Exception: Particle coordinate is nan

Is this a problem with your code or a problem with the data you provided? How should I solve this problem? Please give me some guidance, thank you

peastman commented 5 years ago

Does this happen consistently? Or if you rerun it does it work correctly?

Here's what the stack trace shows. After loading one of the molecules, it called PDBFixer to add hydrogens that were missing from the PDB file. It does that by first adding the hydrogens at more or less random positions, then doing an energy minimization to move them into more physically realistic positions. If two hydrogens randomly happened to get put at almost exactly the same position, that might potentially lead the minimization to produce a nan.
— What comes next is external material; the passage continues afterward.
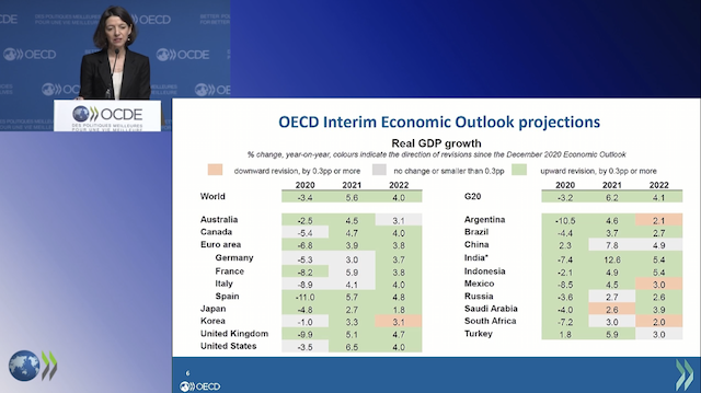 总部位于法国巴黎的经济合作与发展组织(OECD)当地时间3月9日发布了最新的中期经济展望报告。该报告指出,近几个月来,得益于全球范围内新冠疫苗的有效部署,一些国家宣布增加财政预算,全球经济前景得到显著改善。预计2021年全球GDP增长率为5.5%,2022年为4%。到2021年年中,全球经济产出将超过新冠疫情大流行前的水平。即便全球经济前景有所改善,但许多国家的产出和收入到2022年底之前将维持在新冠疫情全球大流行之前的预期水平以下。

If so, this should just be a rare, random event. But if it happens consistently, we need to investigate further.

zhouhao-learning commented 5 years ago

@peastman Sorry, I ran again, but I still got this error

zhouhao-learning commented 5 years ago

@peastman Can you solve this problem, can I update the code?

peastman commented 5 years ago

I just tried running this, and everything worked correctly for me. Note that there's an error in your code: split="r" is not a legal option. I assume you meant split="random"? Anyway, it ran for me and successfully loaded and featurized the datasets.

That's with the very most recent code for DeepChem, PDBFixer, and OpenMM. What versions do you have? It's conceivable the problem you're seeing is caused by a bug in one of them that has since been fixed.

zhouhao-learning commented 5 years ago

my Deepchem version is 2.1.1, I don't know why, no matter how many times I execute the code, I always get this error.

peastman commented 5 years ago

And what about PDBFixer and OpenMM?

Try upgrading all of them to the latest versions.

zhouhao-learning commented 5 years ago

@peastman I updated PDBFixer and OpenMM, PDBFixer==1.5, OpenMM==7.3.1, both of which are the latest versions, then I try to run the code again and still get this error.

rbharath commented 4 years ago

If you're still having issues, check out the updated tutorials. I've got an tutorial up with pdbbind and grid features now. I'm going to close this issue, but please re-open if you're still facing issues!